Then-president John A. McCall Jr., OD, presented the specifics of the resolution to the AOA House of Delegates. Dr. McCall told Primary Care Optometry News that board certification raises the bar for optometry. Following the lead of other professionals helps ensure a more secure spot in the ever-changing arena of managed care, he explained.

“We don’t have to do this, but managed care and the way medicine is being changed in the marketplace right now calls for higher quality assessment and improvement in all areas,” he noted. “Optometry, as well as other medical disciplines, is having to not only raise its standards but prove that it is, in fact, a cut above average; therefore, this is a good argument for optometrists’ inclusion in managed care plans. This extra step, if optometrists choose to participate, will enable them to be certified by a national board that will have standards with ongoing competence training that nobody else has. We think that will benefit optometry in the marketplace.”

Leading the implementation is the Board Certification Project Team, consisting of: Dr. McCall, chair; John F. Amos, OD; William G. Hendrix, OD; Brooke Kirby, OD, PhD; Thomas Lewis, OD, PhD; Jeffrey Locke, OD; Lesley Walls, OD, MD; and AOA staff member Jeffrey Weaver, OD, MS, MBA.

Establishing guidelines

Dr. McCall said that an American Board of Optometric Practice (ABOP), modeled after the American Board of Family Practice, will be assembled to develop the bylaws and legislation of the board-certified continuing education courses for mid-year 2000 implementation.
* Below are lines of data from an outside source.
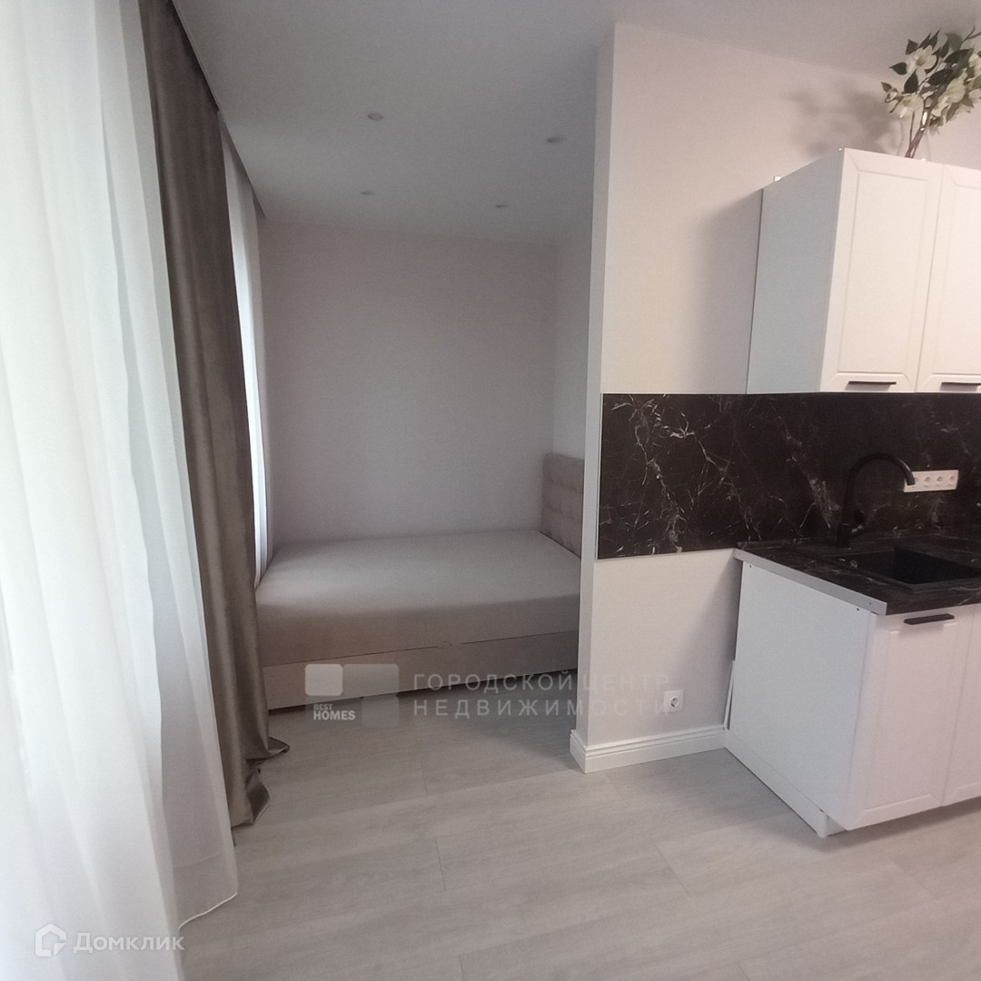 Светлая студия с выделенной зоной спальни 27,7 кв.м.  Квартира расположена на 15 этаже 17- этажного дома.  Квартира выполнена качественными дорогими материалами, укомплектована современной бытовой техникой и мебелью.
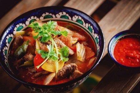 Tu auras besoin de: 1 kg d'agneau, 3 pommes, 2 poivrons doux, 3 tomates, 2 oignons, 1 carotte, 350 g de pommes de terre, gousse de piment fort, 0,5 c. cumin, 0,5 c. coriandre moulue, 15 g de sel, un demi bouquet de coriandre, 3 litres d'eau.
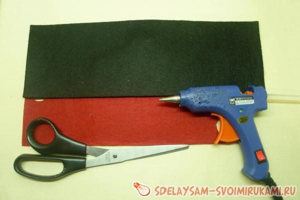 Из черного фетра заготавливают две полосы:
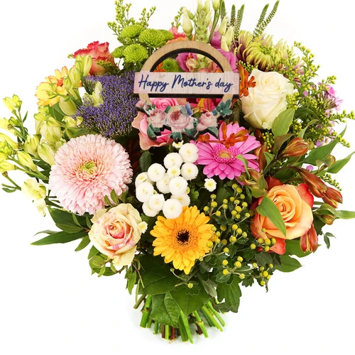 Pastel bont boeket + moederdag bijsteker
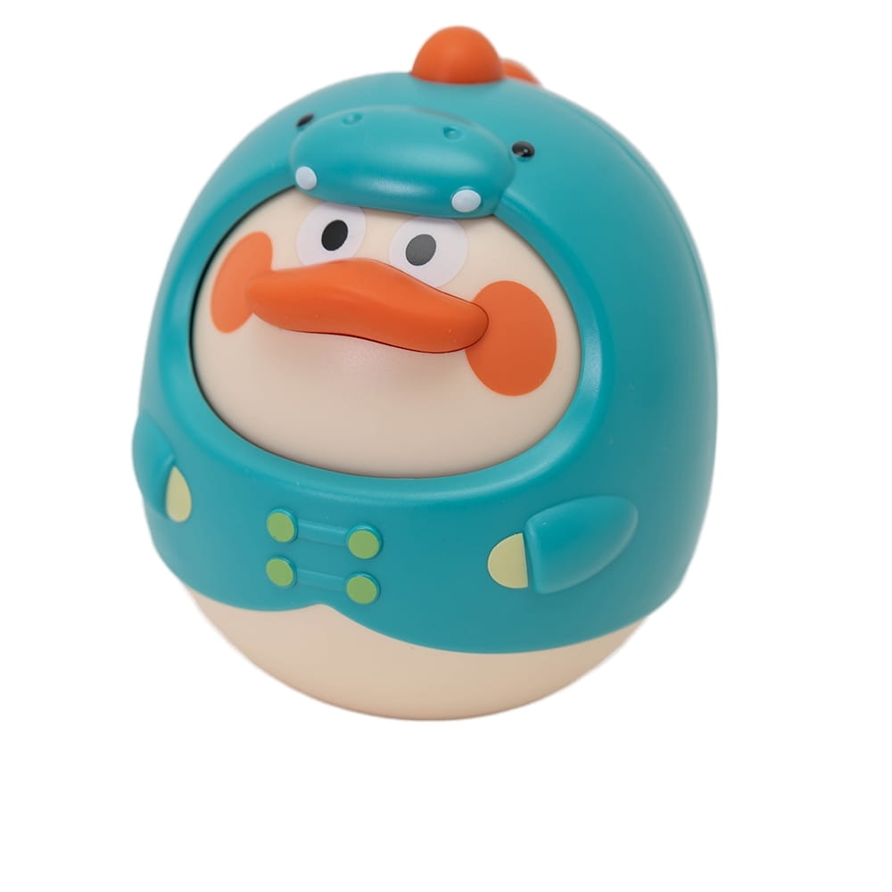 Zabawka posiada uroczy kaczy dzióbek, duże rumieńce na policzkach i występuje w jasnozielonym stroju smoka. Kaczuszka pomaga w rozwoju koordynacji ruchowej oraz zmysłów wzroku, dotyku i słuchu. Kołysząc się na wszystkie strony, rusza buzią i wydaje odgłosy dzwoneczków, przez co doskonale stymuluje i rozwija koordynację ruchowo-wzrokowo-słuchową.
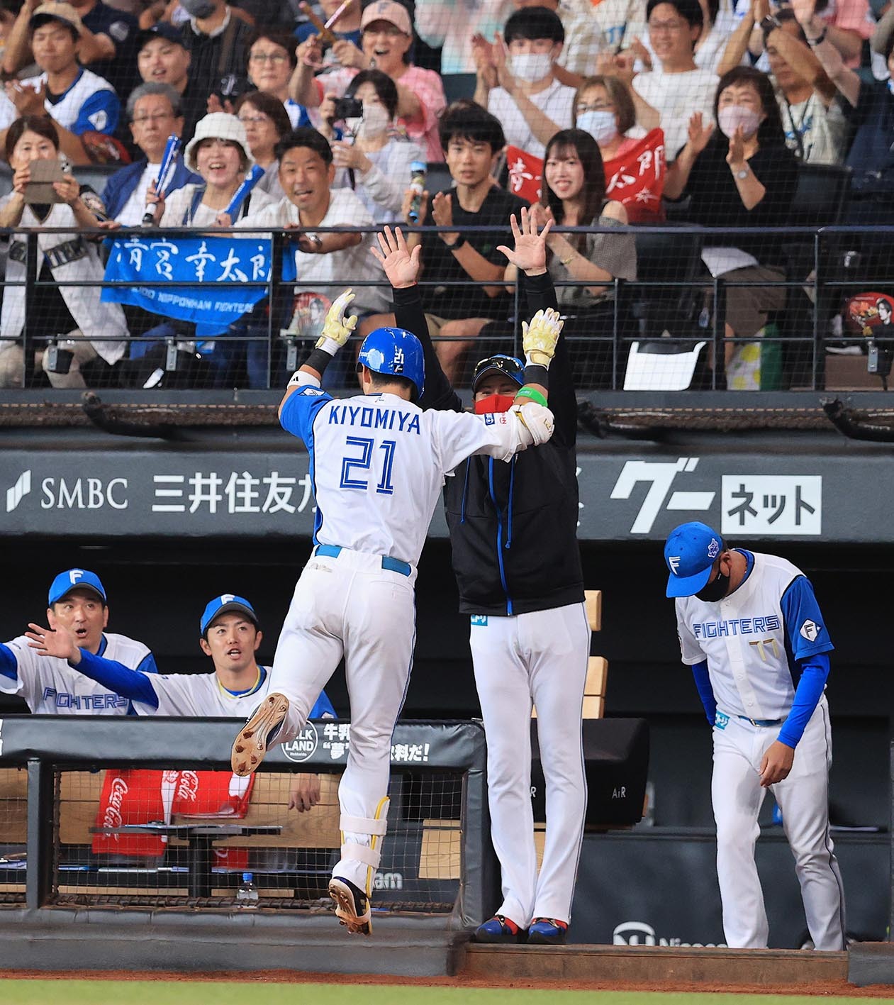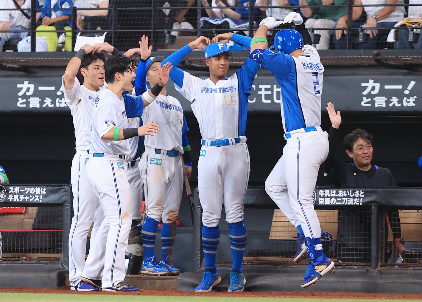 打線はトータル11安打7得点。一回には清宮幸太郎内野手(25)が先制の4号ソロをマーク。二回には石井一成内野手(30)の4号ソロと浅間大基外野手(28)の適時二塁打で2点を奪った。3―5で迎えた三回には松本剛外野手(30)の左犠飛で1点差に詰め寄った。五回には4番のアリエル・マルティネス捕手(28)が逆転の11号2ランをかっ飛ばした。

Beginning Jan. 1, 2000, the board will begin accepting applications for voluntary board certification.

To become board certified for a period of 10 years, practitioners will need to complete a set number of board-certified continuing education hours yet to be determined by the ABOP. Each course will be followed by an exam. To achieve recertification, a practitioner will need to complete and prove competency in 50 hours of board-certified continuing education over a 10-year period and pass an open-book, take-home, recertification exam.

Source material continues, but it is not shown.